Dans le cadre de la Semaine nationale de la femme tchadienne (SENAFET), les femmes artistes ont lancé la Semaine nationale de la femme artiste (SÉNART) 2026. Elles ont animé une conférence-débat, ce lundi 2 mars 2026 une au Musée National autour du thème « La femme artiste au service du développement».

Artiste peintre et plasticienne, Ngamal Koumagoto a livré une réflexion profonde sur la portée sociale de l’engagement artistique féminin. « La femme artiste n’est pas seulement une créatrice de jeux esthétiques. Elle est engagée, éducative, agent de transformations sociales » a-t-elle affirmé. Selon elle, au-delà des galeries et des musées, la femme plasticienne agit au cœur des communautés avec l’organisation d’ateliers pour enfants et jeunes, programmes d’autonomisation des femmes, projets environnementaux ou encore spectacles participatifs renforçant le sentiment d’appartenance. « Valoriser la femme artiste, c’est valoriser le produit culturel local » a-t-elle insisté tout en soulignant que la reconnaissance des femmes dans les arts est une condition essentielle d’un développement inclusif.

Lopiamadji Priscille, spécialiste en art culinaire a mis en lumière le rôle stratégique de la gastronomie dans le développement socioculturel et économique. « Dans un monde globalisé et connecté, la cuisine reste un marqueur fort de culture et d’identité. Elle exprime nos origines, nos traditions et nos choix personnels » a-t-elle expliqué. Pour elle, l’art culinaire ne se limite pas à la préparation des mets. Il constitue un levier de création d’emplois, de valorisation des produits locaux et de rayonnement culturel. « L’art culinaire développé conduit immédiatement au développement socioculturel et économique d’une nation » a-t-elle soutenu appelant à une meilleure structuration et professionnalisation du secteur.

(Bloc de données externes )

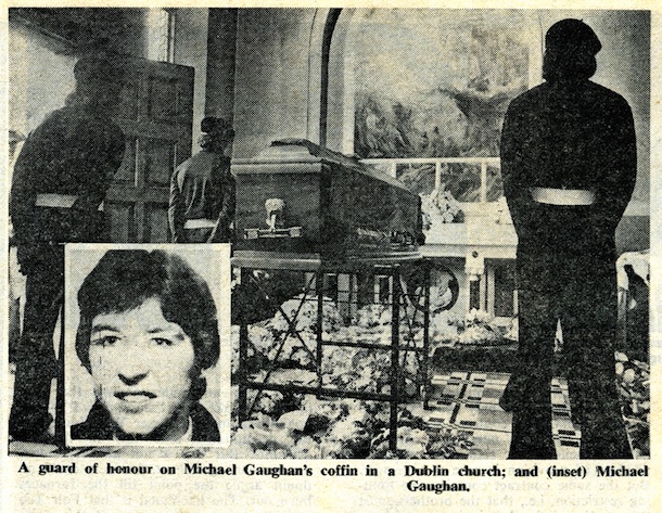 On the 8th of June 1974, the body of IRA Volunteer Michael Gaughan arrived in Dublin, where it was met by mourners and an IRA guard of honour. The body was brought to the Adam and Eve’s Franciscan church on Merchant’s Quay, where thousands filed past as it lay in state (no doubt under the watchful eyes of the Garda Special Branch).
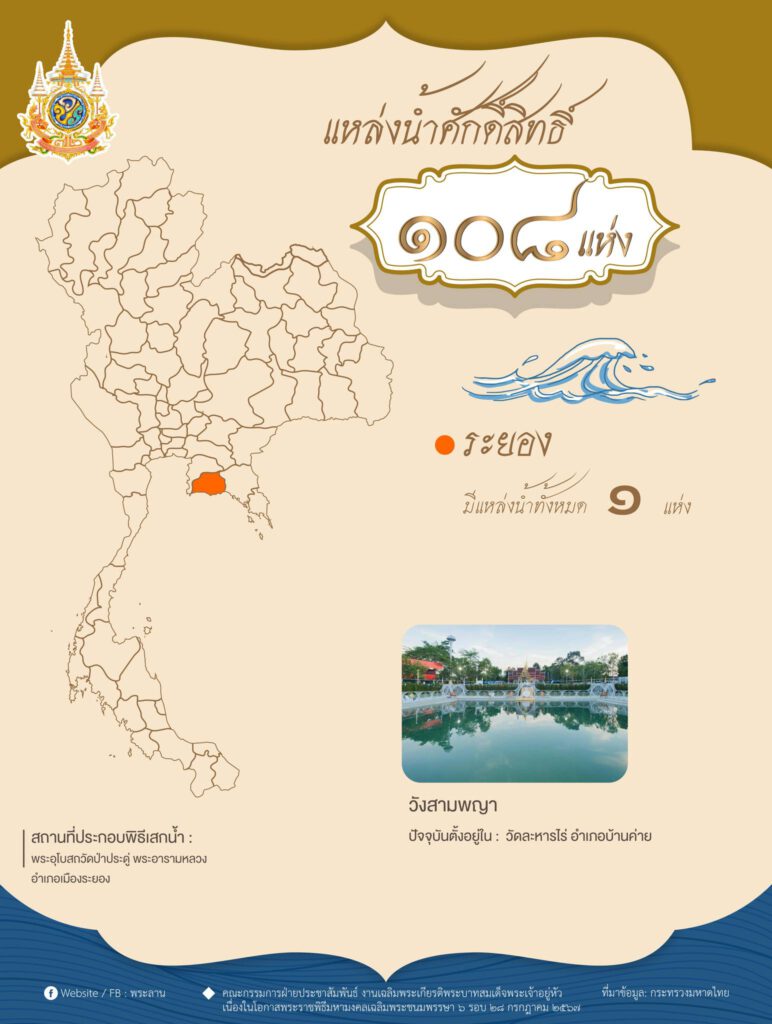 แหล่งน้ำศักดิ์สิทธิ์ 108 แห่ง ในพิธีเสกน้ำพระพุทธมนต์ศักดิ์สิทธิ์ ทูลเกล้าฯ ถวายพระบาทสมเด็จพระเจ้าอยู่หัว เนื่องในโอกาสพระราชพิธีมหามงคลเฉลิมพระชนมพรรษา 6 รอบ 28 กรกฎาคม 2567
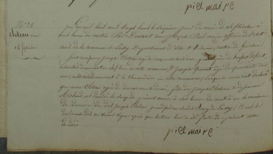 Décès : 16 septembre 1828 à Lassy 35580
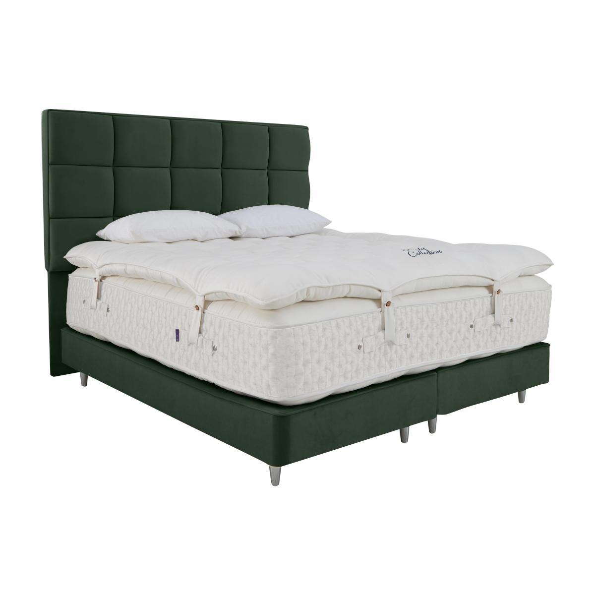 The ultimate in luxury. The mattress has an incredible 40,750 pocket springs plus a sumptuous sprung mattress topper. Even the divan base is sprung. A Furniture Village exclusive. Why you’ll love it. Furniture Village’s highest spring count mattress. 40,750 pocket springs. luxurious mattress topper with an additional 10,000 springs inside. High-end style. Extra deep, tufted and British made. Traditional hand side-stitching, tufting and tape edging. Abundant all-natural fillings include Herdwick wool, mohair, silk, cashmere, kapok, alpaca and angora. Kapok fibres are buoyant, resilient and resistant to water. Alpaca is soft, durable and lanolin-free, which makes it hypoallergenic. Sprung divan in wide choice of fabrics and colours. Handcrafted to order. Exclusive to Furniture Village. What you need to know. Mattress type: Pocket spring. Depth: 36 cm. Firmness: Regular and firmer feel. Split tension available in king and super king sizes. Springs: 40,750 high-density pocket springs in king size. Fillings: Herdwick wool, Egyptian cotton, hemp, flax, mohair, silk and cashmere. Mattress cover: 100% wool, chemical-free tick fabric. Six rows of side stitching. Topper: 10,000 responsive micro-springs with Egyptian cotton, alpaca and Kapok. Divan base: 29cm deep. Sprung, true edge. 25,000 springs. Sizes: Zip and link super king and king. Super king, king, double, small double, single. Requires turning: Yes. Mattress care: Air for 4 hours before using to remove any odour. Allow at least 4 hours for springs to settle and for mattress to attain its full size. Indentations caused by settlement of fillings or body weight are normal and are not considered defects. If used on a slatted bed frame, slats must be no more than 7 cm apart. Rotate regularly.
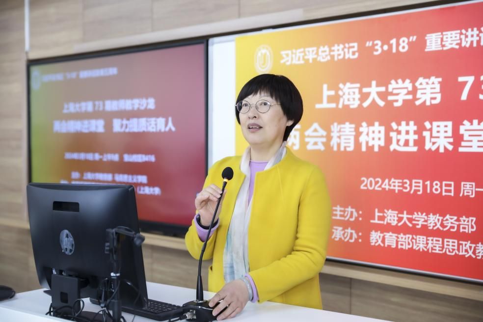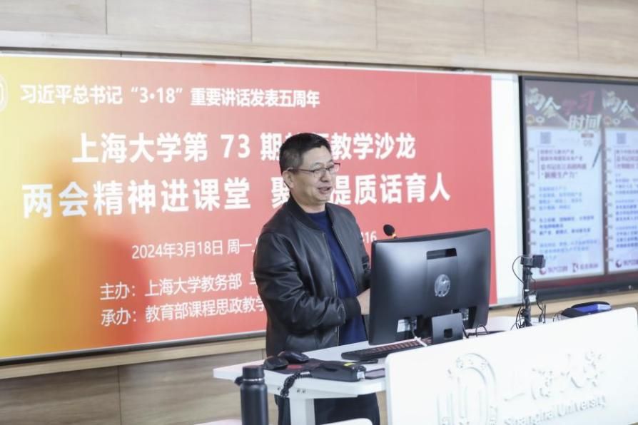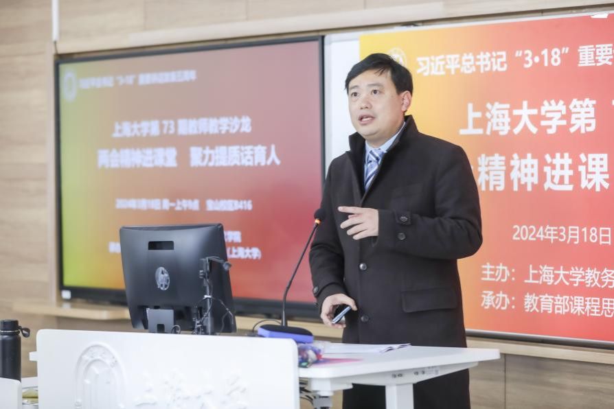 为重温2019年3月18日习近平总书记在学校思想政治理论课教师座谈会上发表的重要讲话精神,及时有机融入党的二十大精神和两会内容,聚力提升思政课和各类课程教学质量,2024年3月18日,beat365英国官方网站在宝山校区B416举办专题教学沙龙。本次沙龙由beat365英国官方网站教务部、马克思主义学院主办,教育部课程思政教学研究示范中心(beat365英国官方网站)承办。来自马克思主义学院、理学院、材料科学与工程学院、计算机工程与科学学院、生命科学学院等40多名一流课程、课程思政示范课程教师参会。沙龙由教务部副部长、教育部课程思政教学研究示范中心(beat365英国官方网站)负责人顾晓英教授担任主持。beat365英国官方网站党委副书记、副校长胡大伟出席。

Un plaidoyer pour la reconnaissance

La présidente de SÉNART, Mariam Mayoumbila a replacé la rencontre dans son contexte militant. « Nous avons créé cet événement pour permettre à la femme artiste de s’exprimer. Nous sommes des personnes vulnérables que l’on ne regarde pas. Parce que nous portons de beaux habits et de jolis bijoux, on pense que nous vivons bien, alors que nous faisons face à de réelles difficultés », a-t-elle confié. Cette édition 2026 se veut résolument tournée vers l’action. «Comment pouvons-nous intervenir pour le développement de notre pays dans nos différents domaines comme les arts plastiques, l’art culinaire, l’art capillaire, l’art vestimentaire, le théâtre, la danse, la musique et le cinéma ? », s’est-elle interrogée. L’objectif de la SENART est de permettre aux femmes artistes de vivre dignement de leur art. « Nous voulons que la femme artiste puisse vivre de son art. C’est cela notre lutte », a plaidé la présidente.

Dans un contexte où les inégalités d’accès au financement et la sous-représentation institutionnelle persistent, les intervenantes ont appelé à un changement de regard et à des politiques publiques plus ambitieuses.